Figura 3. Analisi del tessuto dell'innesto della matrice di membrana basale. Gli innesti sono stati costruiti a partire dallo stroma della milza neonatale impoverito di cellule PDGFRβ+MAdCAM-1+ (n = 4). Ulteriori dati disponibili online11. (A) Aspetto macroscopico di un innesto di milza rigenerato a 4 settimane dopo il trapianto sotto la capsula renale. L'area gialla riquadrata indica il tessuto rigenerato della milza. L'immagine è stata catturata utilizzando uno stereomicroscopio Leica M60 dotato di un adattatore zoom Snap e di un Apple iPhone 6S. Barra graduata, 1000 μm. (B) Immagini composite a immunofluorescenza multicolore di tessuti innesto di 30 μm di spessore criosezionati sul piano coronale. La colorazione degli anticorpi è stata eseguita con marcatori indicati per visualizzare la microarchitettura del tessuto della milza. Le immagini sono state catturate utilizzando un microscopio a cellule vive Nikon Eclipse Ti2-E. Le aree riquadrate mostrano le regioni con un ingrandimento maggiore. Barra graduata, 1000 μm. Fare clic qui per visualizzare una versione più grande di questa figura.

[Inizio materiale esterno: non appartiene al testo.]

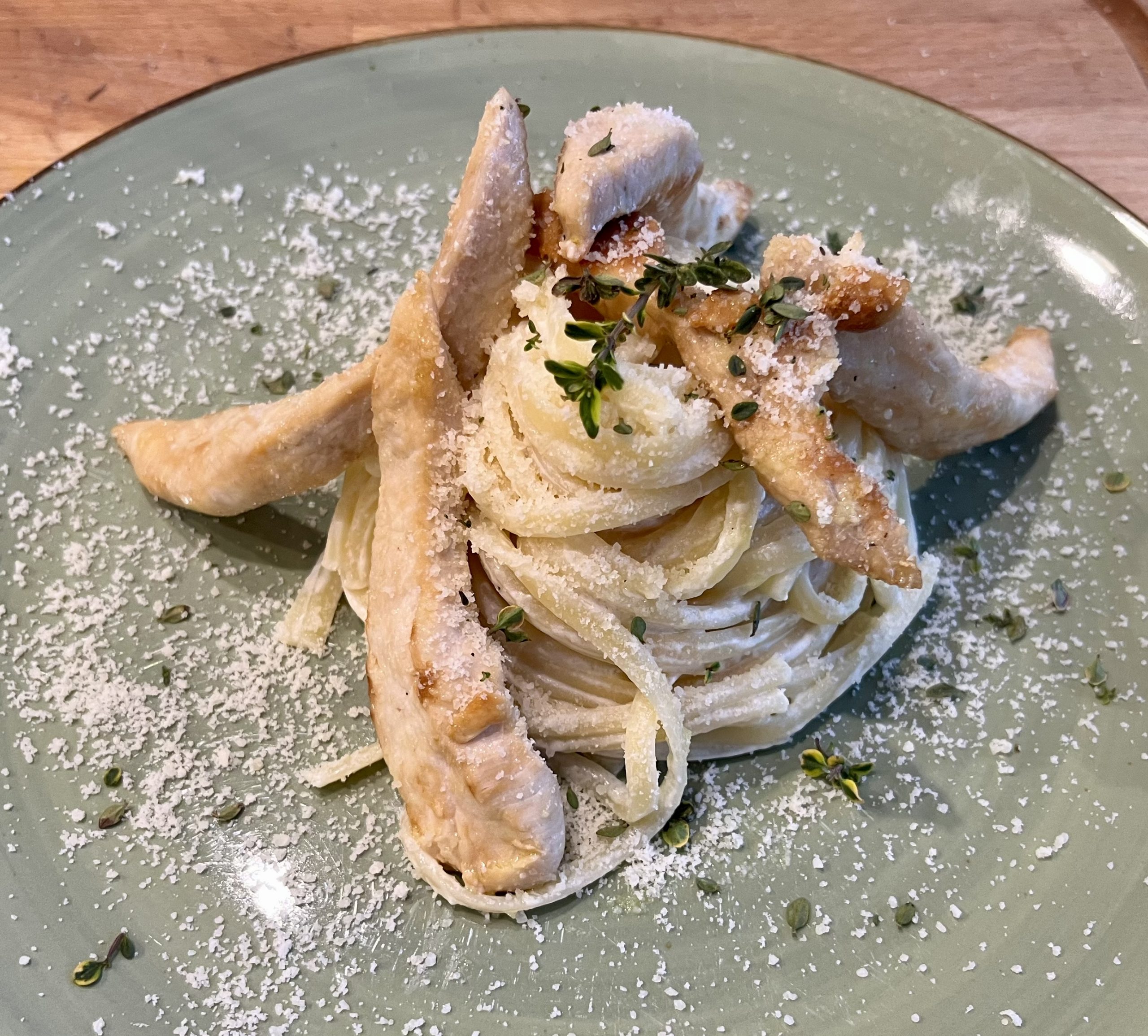 Zitronenpasta mit Hähnchenfiletstreifen nach dem Zitronenpasta Rezept, das vor 3 Jahren “in aller Munde” war. Die leckere Pasta ist eine sehr gute Grundlage für gebratenen Lachs, Scampi oder Hühnchenbrust.

| Organoide No. | Cellule stromali | Eritrociti | Linfociti |
| 1 | 62 | 7.7 | 31 |
| 2 | 22 | 24 | 55 |
| 3 | 3.6 | 0.1 | 96 |
| 4 | 10 | 76 | 12 |
Tabella 1. Percentuale di popolazioni di cellule stromali, eritroidi e linfoidi tra i singoli organoidi della milza.
Figura supplementare 1. Panoramica schematica del protocollo che evidenzia le principali fasi nella generazione di costrutti cellulari incorporati in matrice per studi in vitro e in vivo . Fare clic qui per scaricare il file.